**Task to carry out**
Skip the images and repeat every entry word for word.

START Source data

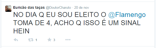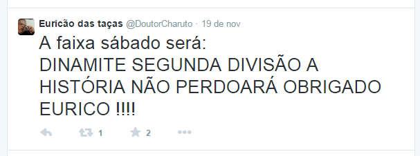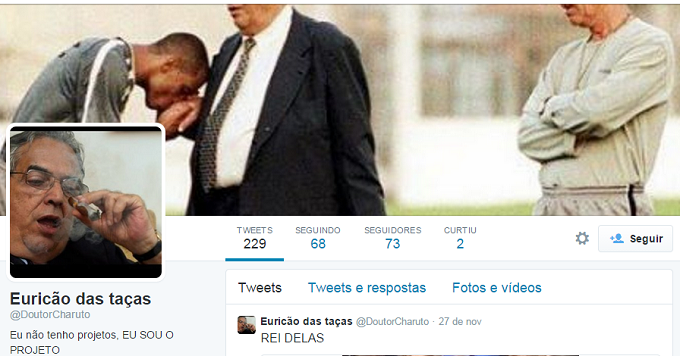 A exemplo de Roberto Dinamite (Robertão Dinamite - @rdinamite1O - hoje desativado), Cristóvão Borges (Cristrollvão Borges - @cristrollvao) e Joel Santana (Joel Sacana - @Novo_Lopes), o presidente eleito do Vasco Eurico Miranda também ganhou uma "homenagem", em forma de perfil bem-humorado, no Twitter. Trata-se do "Euricão das Taças" (https://twitter.com/DoutorCharuto). Veja, abaixo, alguns posts.
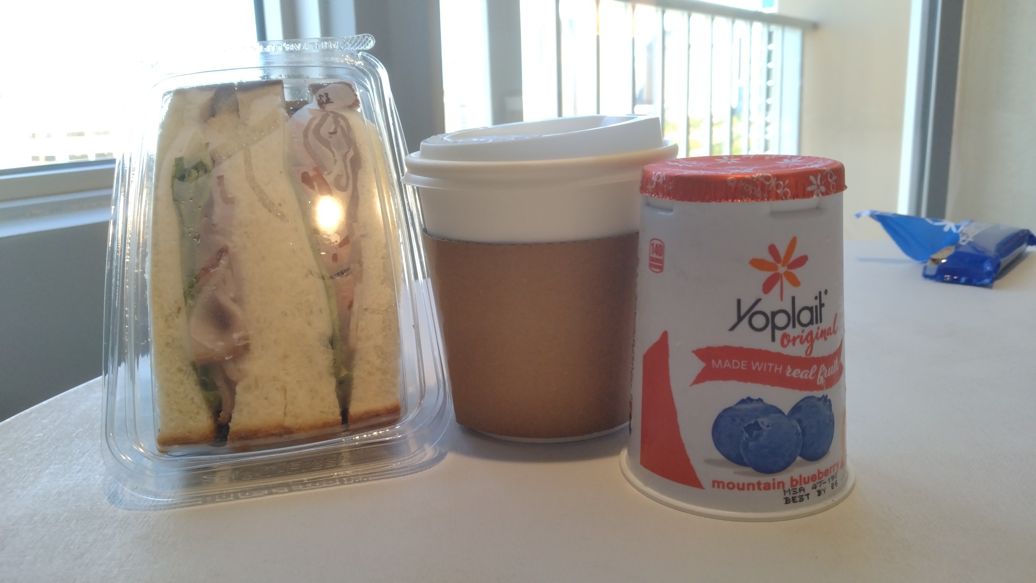 ABCのサンドイッチとヨーグルトで朝ごはん。ちなみに、このサンドイッチは$7.69。日本円で千円超え!円安おそるべし。
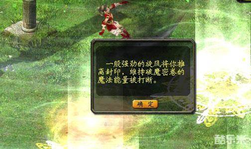 当然,作为能够封印狂风精灵王的强大力量,禁锢封印也并不是每个都能如此顺利地解开。那隐藏在禁锢封印之下的能量偶尔会化作飓风,趁你使用破魔密卷时将你卷向空中,并持续保护禁锢封印,使你在一小段时间内无法接近。
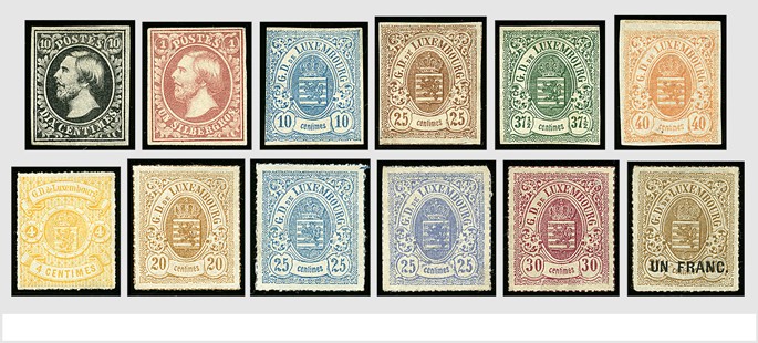 LUXEMBURG 1852-1880, (*)/*/**, mooie kleine verzameling op insteekkaart, wb. nr.1 met gom, 2 (*), 40 (*) keur Demuth, 20 (*) a en b, 22 (*) met keur, etc. Zelden zo aangeboden !
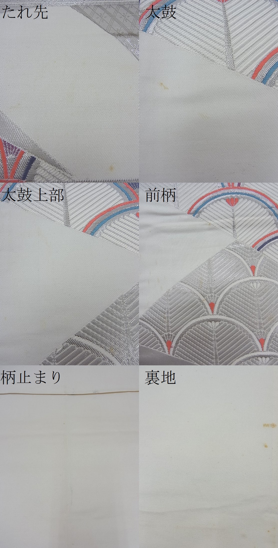 | 【正絹】 状態は接写画像のように たれ先・太鼓・太鼓上部・前柄に薄いシミ、 柄止まりに折れ山の薄い汚れ・薄い汚れ、 裏地にアクがございますが その他特に目立ったシミ汚れなどもなく大変良い状態です。 大変上質な逸品になります。 お安く出品致しますので、是非この機会にいかがでしょうか?

END Source data

**Exercise response**
 A exemplo de Roberto Dinamite (Robertão Dinamite - @rdinamite1O - hoje desativado), Cristóvão Borges (Cristrollvão Borges - @cristrollvao) e Joel Santana (Joel Sacana - @Novo_Lopes), o presidente eleito do Vasco Eurico Miranda também ganhou uma "homenagem", em forma de perfil bem-humorado, no Twitter. Trata-se do "Euricão das Taças" (https://twitter.com/DoutorCharuto). Veja, abaixo, alguns posts.
 ABCのサンドイッチとヨーグルトで朝ごはん。ちなみに、このサンドイッチは$7.69。日本円で千円超え!円安おそるべし。
 当然,作为能够封印狂风精灵王的强大力量,禁锢封印也并不是每个都能如此顺利地解开。那隐藏在禁锢封印之下的能量偶尔会化作飓风,趁你使用破魔密卷时将你卷向空中,并持续保护禁锢封印,使你在一小段时间内无法接近。
 LUXEMBURG 1852-1880, (*)/*/**, mooie kleine verzameling op insteekkaart, wb. nr.1 met gom, 2 (*), 40 (*) keur Demuth, 20 (*) a en b, 22 (*) met keur, etc. Zelden zo aangeboden !
 | 【正絹】 状態は接写画像のように たれ先・太鼓・太鼓上部・前柄に薄いシミ、 柄止まりに折れ山の薄い汚れ・薄い汚れ、 裏地にアクがございますが その他特に目立ったシミ汚れなどもなく大変良い状態です。 大変上質な逸品になります。 お安く出品致しますので、是非この機会にいかがでしょうか?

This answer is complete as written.